Хозяйка вернулась с бутылкой и двумя рюмками, разлила наливку:
– Сейчас мы выпьем, и вы все мне расскажете.
Луиза сделала глоток, закашлялась, положила ладонь на ямку на шее.
Анриетта, успевшая налить себе еще, пила, думая о чем-то своем.
– Мне было шестнадцать, рядом со мной жил маленький ребенок. Представляете, что это такое?
Луиза представляла.
У нее вдруг похолодели руки, она схватила рюмку, но удержалась – не выпила залпом.
Анриетта долила ей ликера, не забыв себя, и сразу продолжила печальное повествование:
– Он был очень красивый мальчик. Улыбчивый. Его кормилица, ужасная лентяйка, радовалась, что мне нравится с ним возиться: бо́льшую часть времени она проводила в саду, читала газеты и курила, а пеленки меняла редко, и он научился ходить с этим весившим чуть ли не тонну подгузником. По вечерам я посыпала ему кожу тальком и долго укачивала. Играла с ним, как с куклой, но любила по-настоящему, единственная в семье, и Рауль это чувствовал. Когда он подрос, расклад изменился. Королева-мать спустилась с Олимпа, чтобы «заняться» им, уволила кормилицу и начала нанимать нянек так же часто, как другую прислугу, каждый месяц. Для ребенка нет ничего хуже подобной чехарды, он теряет ориентиры, у него не формируются правильные привычки. Заботились о Рауле няньки, моя мать воспитывала и обучала – и делала это с упоением. Как же ей нравилась роль благородной наставницы! Она играла ее, мечтая, чтобы Рауль не преуспел. Она не давала ему ни передышки, ни пощады. Ни в чем. Кормила невкусной едой – из соображений «пищевой гигиены»! – и запрещала любимые игры во имя гигиены воспитательной. Для моей матери все – вопрос гигиены, ее собственной. Она навязывала ребенку то, что нравилось ей, приносило душевное облегчение. Я очень страдала, видя, как эта гарпия терзает моего сводного брата.
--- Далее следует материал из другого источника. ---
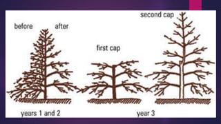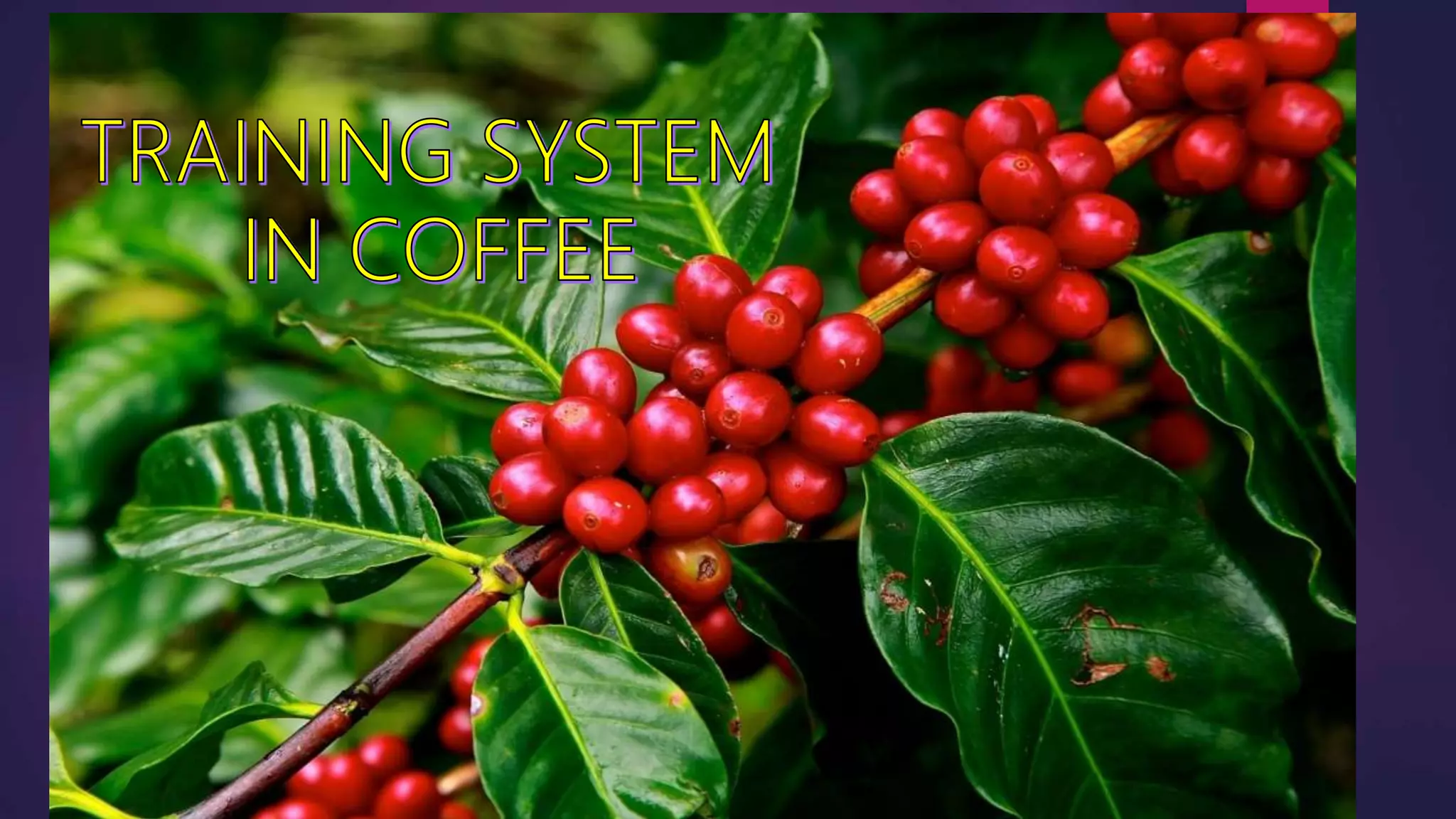 This document discusses the objectives and types of training for coffee plants. The main objectives of training are to admit sunlight and air into the center of the tree, direct growth for easier cultural operations, protect from damage, and promote balanced fruit production. The primary purpose of training is to restrict height for better management. Types of training discussed are single stem, where the main stem is topped to restrict height, and multiple stem, practiced in other countries by bending the main stem. Single stem is preferred in India as it provides a well-balanced structure and resistance to breakage. Varieties are topped at different heights based on their growth characteristics.

Рауль был милым мальчиком, но всевозможные лишения, запреты, отсутствие тепла, властные манеры матери, отказ даже в маленьких удовольствиях, наказания, часы, проведенные в темном чулане, где он орал от страха, бесконечные занятия, унижения, пансионы с самым строгим режимом, презрение… все это, вместе взятое, сломало его. Рауль не был плохим по натуре, постаралась моя мать! Я вмешивалась тайком, утешала, ласкала, пытаясь врачевать раны. А что же доктор? – спросите вы. Мой отец был слабым человеком. Как все трусы, он мог внезапно расхрабриться, восстать, но всегда отступался, чтобы не подмочить репутацию, не навредить карьере. Кроме того, моя мать шантажировала его… Он окончательно порвал с Жанной, не имея мужества признаться, что пустил в ход свои связи, чтобы усыновить их ребенка и воспитывать его. Доктор Тирьон боялся, что ваша мать подаст в суд и все выплывет наружу. Моя мать победила. Сначала Рауль был трудным подростком, потом стал совершенно невозможным. Лжец, шулер, вор, он сбегал из всех пансионов, дерзил, задирал преподавателей. Моя мать говорила отцу: «Видишь, какой он, твой сын! Дурное семя!» Ее жалел весь квартал.